After sailing through a string of earlier FDA approvals, Bristol-Myers Squibb’s Opdivo has been turned down by the agency for a particular form of melanoma.
Last week, the US regulator gave the thumbs-up to Opdivo (nivolumab) as a first-line, single-agent treatment for patients with ‘wild-type’ BRAF melanoma, a group that does not generally respond to treatment with BRAF inhibitors such as Roche’s Zelboraf (vemurafenib).
It has previously also approved the combination of Opdivo and BMS’ CTLA4 inhibitor Yervoy (ipilimumab) as a therapy for BRAF wild-type melanoma patients.
Now, the FDA says it needs additional information before it can approve Opdivo as a single-agent therapy in patients whose tumours test positive for BRAF V600 mutations. About 50% of all melanomas harbour BRAF mutations, and 90% of these are BRAF V600E.

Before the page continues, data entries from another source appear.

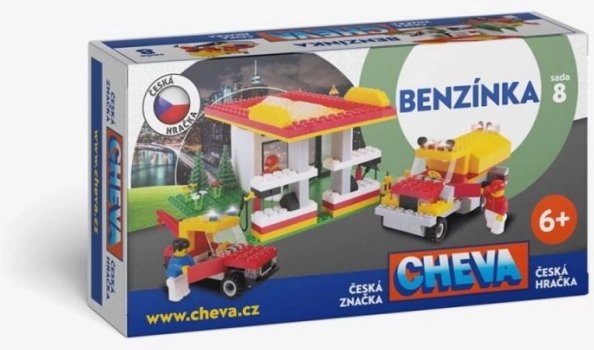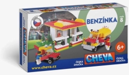 Ontdek de klassieke Tsjechische bouwset CHEVA 8 benzinepomp met 349 onderdelen, die kinderen meeneemt in de wereld van een tankstation, tankwagen en takelwagen. Het variabele systeem van onderdelen stimuleert creativiteit, verbeeldingskracht en handigheid en vult je CHEVA-stad perfect aan.
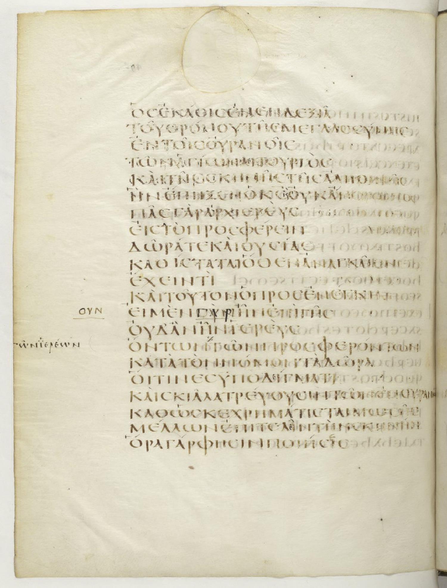 Κεφάλαιον δὲ ἐπὶ τοῖς λεγομένοις, τοιοῦτον ἔχομεν ἀρχιερέα, ὃς ἐκάθισεν ἐν δεξιᾷ τοῦ θρόνου τῆς μεγαλωσύνης ἐν τοῖς οὐρανοῖς,
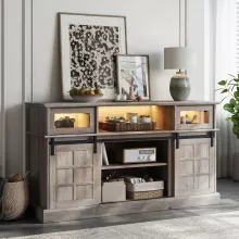 This entertainment center is more than just a TV stand—it's an immersive experience. The built-in electric fireplace offers a cozy, inviting glow without the mess or danger of a traditional fireplace. The RGB lighting not only highlights your space but also syncs with your music to create dynamic, party-like atmospheres or soft, romantic settings. Designed for both practicality and allure, this TV stand brings warmth and style to any home décor.
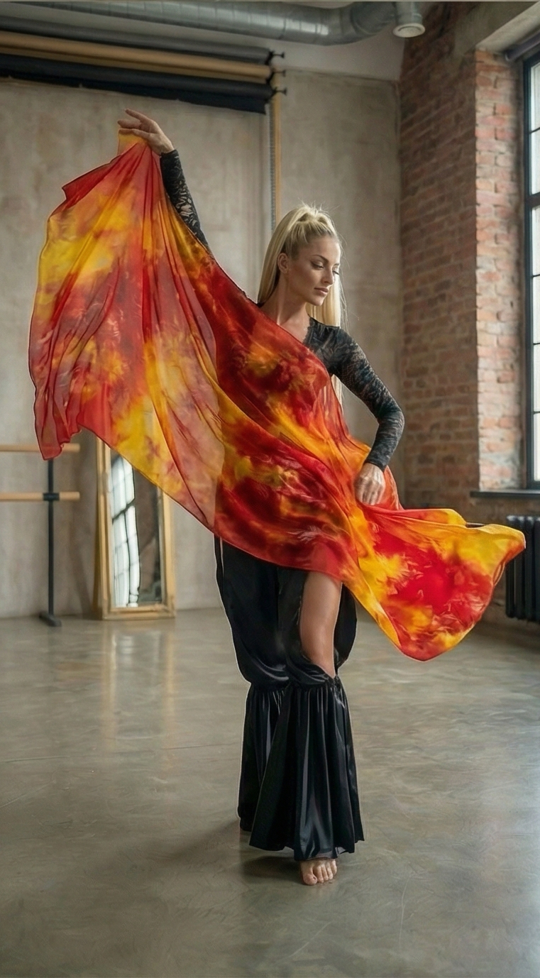 Шелковая вуаль для танца 100% для танцев "Морская пучина"

In a statement, BMS said it is trying “to determine whether additional data, currently under review, adequately addresses these comments”.
The company has already submitted data from its CheckMate-067 trial evaluating Opdivo as a single agent and in combination and Yervoy in patients with previously-untreated advanced melanoma, which included patients with both wild type and BRAF V600-positive tumours.
Data from this study has already been submitted to the FDA as part of a dossier seeking to expand the label for Opdivo and the Opdivo/Yervoy combination in advanced melanoma, with an FDA action date of January 23, 2016.
The FDA response is the first setback for the product, which has amassed several FDA approvals in recent months that have propelled sales to $467m in the first nine months of the year, the bulk of that ($300m-plus) in the third quarter.
Any brake applied to the drug’s momentum in melanoma is likely to be overcome by Opdivo’s recent approval in renal cell carcinoma, an indication estimated to be worth at least $1bn in sales in its own right.